Year in Review: May-June
Published 7:49 pm Wednesday, December 26, 2018
Editor’s note: This is the third of six installments of our Year in Review 2018, where we will look at the good and bad news of 2018, two months at a time. The date listed is the date of the edition in which the story ran.
May 1 — Executive Director Jackie Cherry announced she would retire from the Suffolk Center for Cultural Arts after 12 years there in various capacities, including seven as executive director.
May 4 — A hushed crowd of several hundred at the 34th annual Suffolk Leadership Prayer Breakfast listened to the testimony of North Korea native and defector Ji Seong-Ho, who told the story of his escape from his native country and his salvation.
May 8 — Eight train cars and an engine derailed near the 300 block of Baron Boulevard at Shoulders Hill Road. Several nearby properties reported damages.
May 9 — Mayor Linda T. Johnson announced at the annual State of the City luncheon that Tidewater Builders Association Homearama would return to Suffolk in October and that The Neighborhood Harvest would expand its operations.

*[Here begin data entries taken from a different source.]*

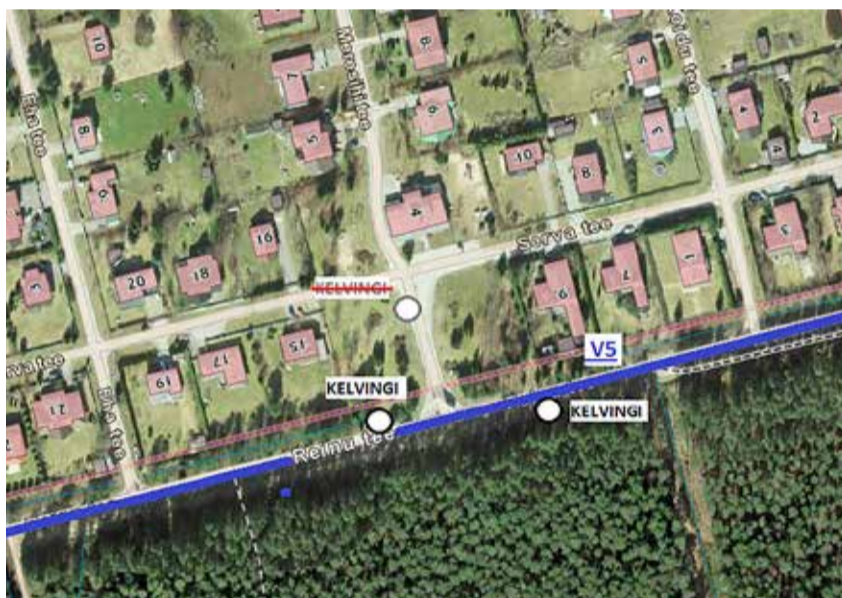
Bussiliini V5 uued peatused Kelvingis.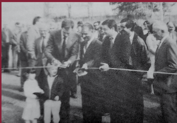
Inauguration de l'école en 1983.

Tout jeune Français dès 16 ans doit se faire recenser pour être convoqué à la Journée défense et citoyenneté (JDC). La période de recensement doit intervenir entre la date de ses 16 ans et à la fin du 3 e mois suivant, à la mairie de son domicile ou en ligne sur www.service-public.fr . Le recensement permet à l'administration de le convoquer qu'il effectue la JDC et de l'inscrire d'office sur les listes électorales à ses 18 ans. La mairie délivre une attestation de recensement qui est obligatoire pour s'inscrire à un examen (BEP, bac...) ou à l'examen du permis de conduire.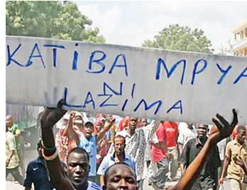
Hawa wanadai Katiba Mpya

Katiba ya nchi na sheria za Bunge ni walimu wazuri katika eneo hili, hata kama watachalewa kuingia darasani au watafundisha bila kueleweka kwa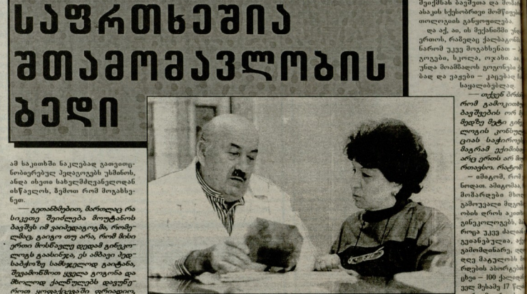
თამარ პრინციპი და ხსენილი პრინციპი...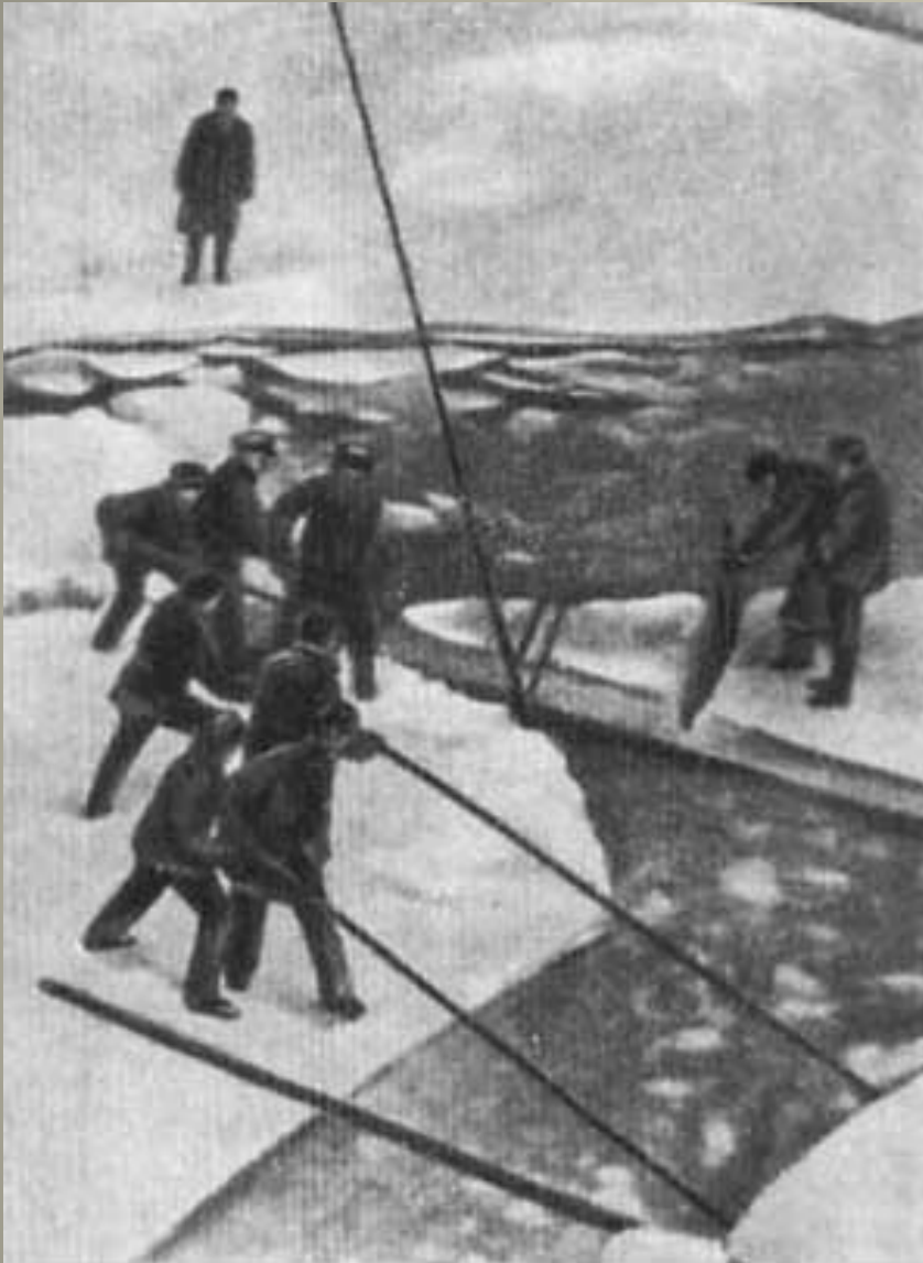
Экипаж «Ермака» берет пробу полярного льда на исследование. Вдали на льдине С. О. Макаров.

May 11 — Hundreds attended a farewell ceremony for Driver Elementary School, which closed at the end of the 2017-2018 school year.
May 17 — City Council voted 6-2 to approve the fiscal year 2018-19 budget that included a 4-cent tax increase.
May 26 — Nansemond-Suffolk Academy graduated 74 new alumni.
June 3 — Suffolk Christian Academy graduated eight new alumni.
June 5 — A 23-year-old Norfolk woman was found dead in the roadway at Dill Road and Bidwell Street. The death of Kiara M. Etheridge was classified as a homicide.
June 5 — Bon Secours announced its plans to build a new hospital in North Suffolk.
June 8 — Parks and Recreation Director Lakita Frazier left the city in June after a 24-year career to take the helm of the Richland County Recreation Commission in South Carolina.
June 10 — About 950 seniors graduated from Lakeland, King’s Fork and Nansemond River high schools.
June 19 — Sentara announces that it, too, plans to build a new hospital in North Suffolk.
June 26 — A bout of severe storms packing 75-mile-per-hour winds caused a lot of damage in the area.